# Your task
Look through the listing below for the line with "20 gr, aproximadamente." and the line with "Glestimrad vedbod uppförd". Copy both, along with every line between them, exactly and with no pictures.

# Data excerpts
● ● ● ●

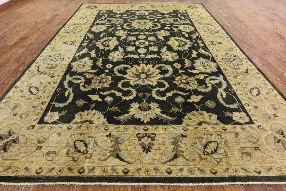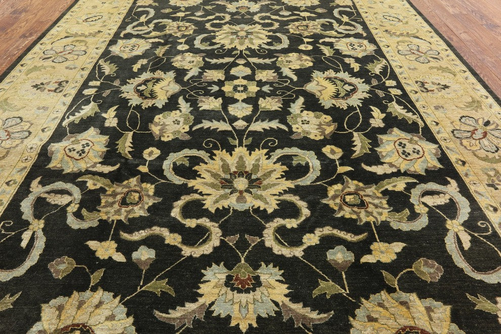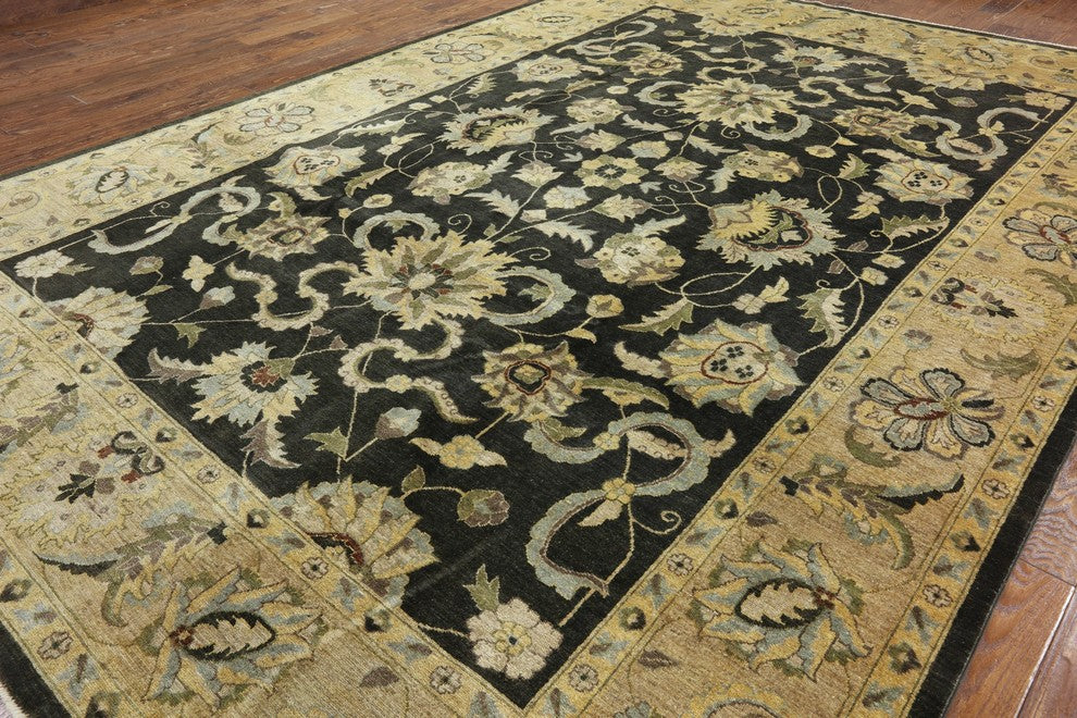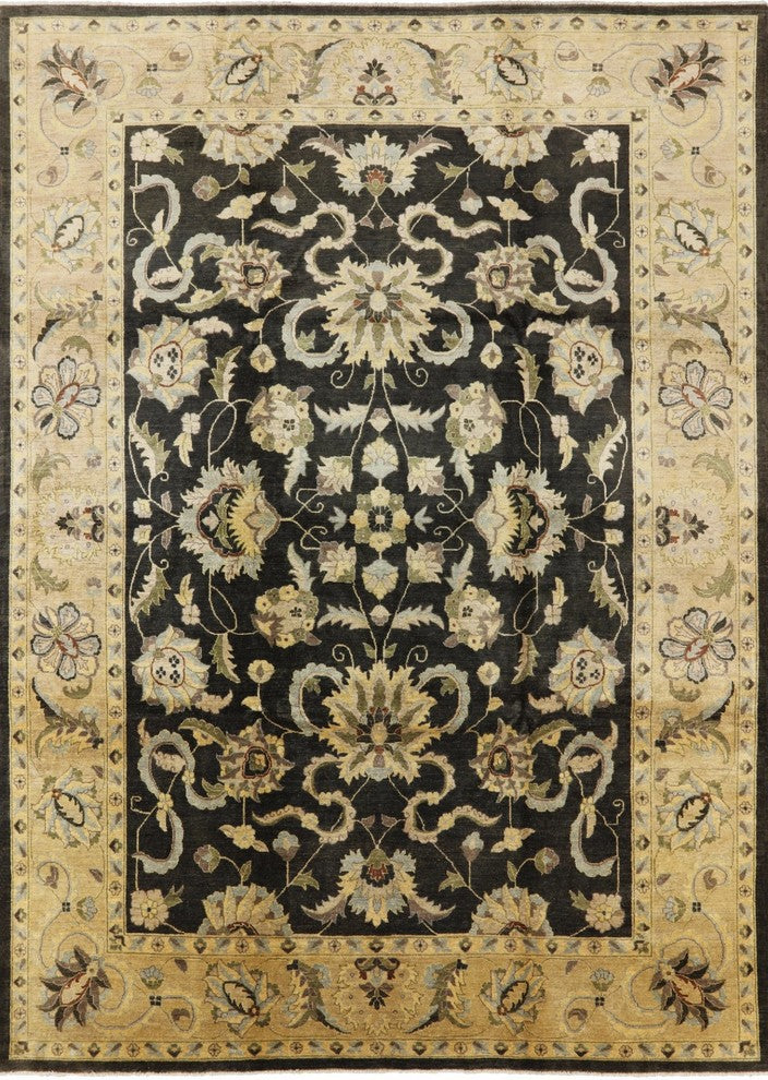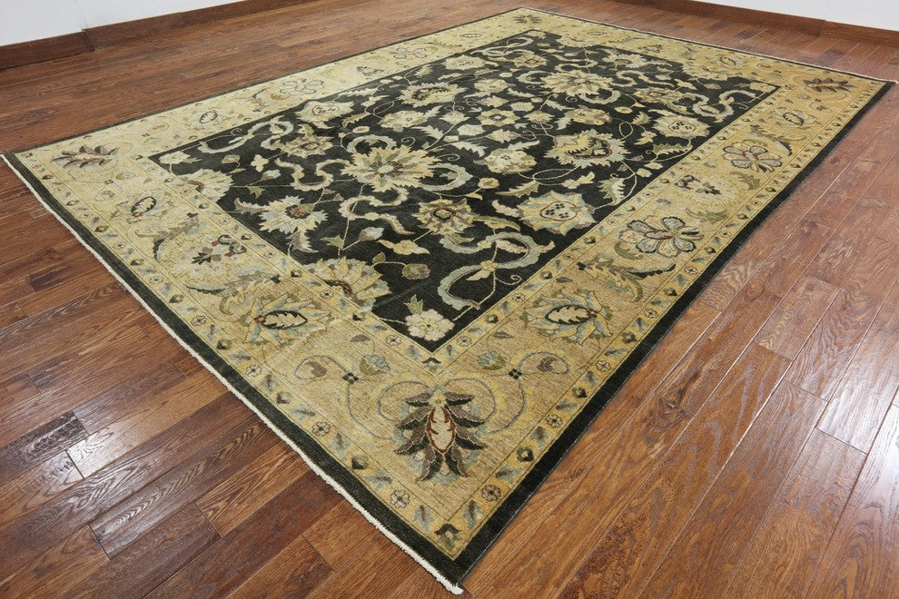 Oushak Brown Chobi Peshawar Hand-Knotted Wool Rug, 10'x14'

● ● ● ●

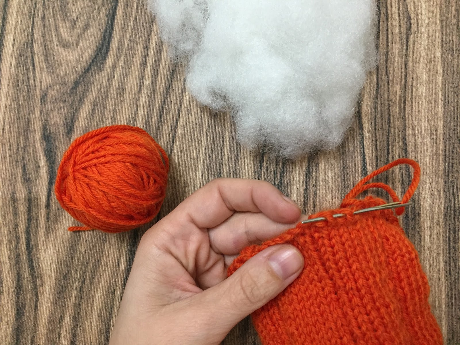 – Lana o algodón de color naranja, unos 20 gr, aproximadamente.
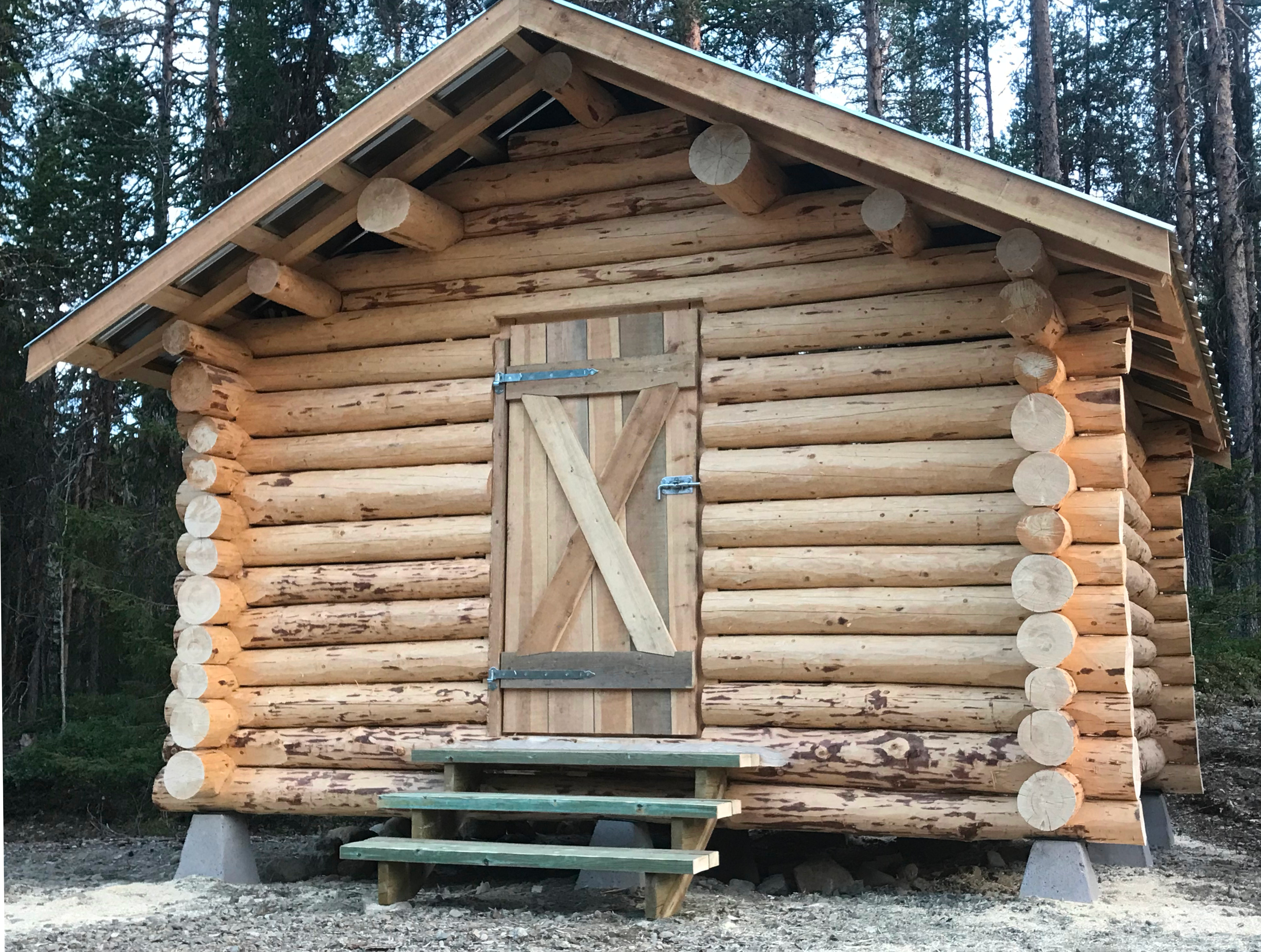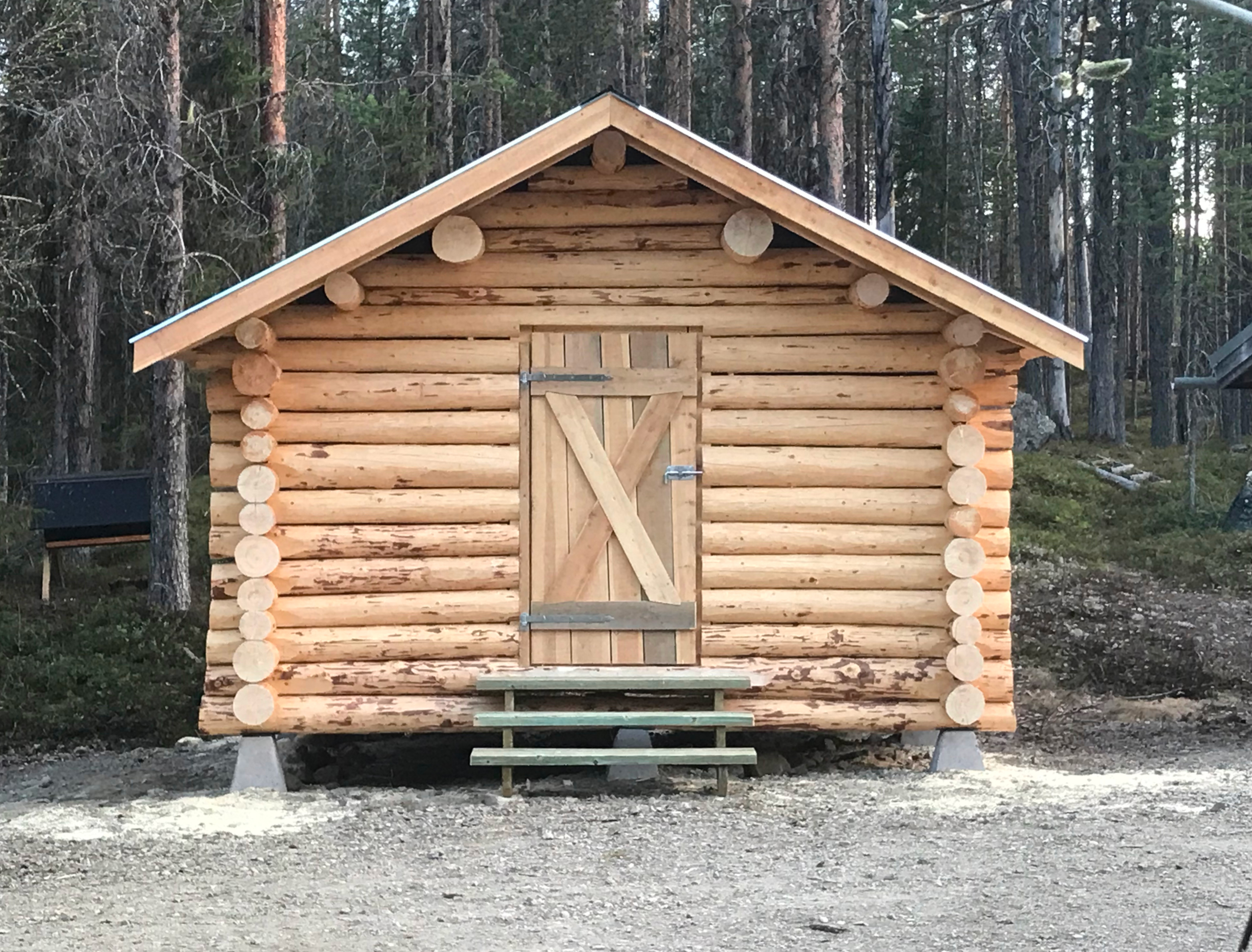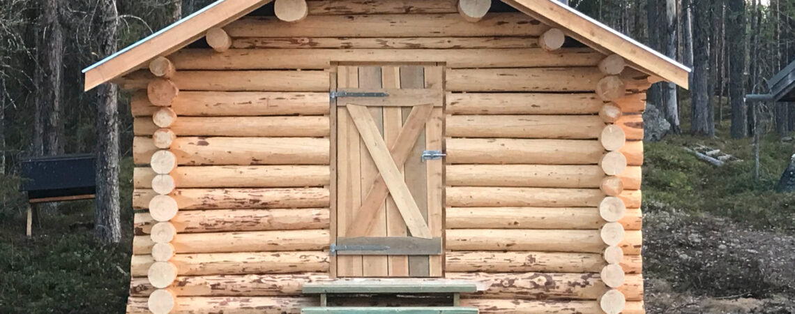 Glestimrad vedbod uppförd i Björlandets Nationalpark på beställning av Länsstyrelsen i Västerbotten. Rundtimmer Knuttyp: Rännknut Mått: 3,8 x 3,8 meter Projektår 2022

● ● ● ●

# Solution to the problem
 – Lana o algodón de color naranja, unos 20 gr, aproximadamente.
 Glestimrad vedbod uppförd i Björlandets Nationalpark på beställning av Länsstyrelsen i Västerbotten. Rundtimmer Knuttyp: Rännknut Mått: 3,8 x 3,8 meter Projektår 2022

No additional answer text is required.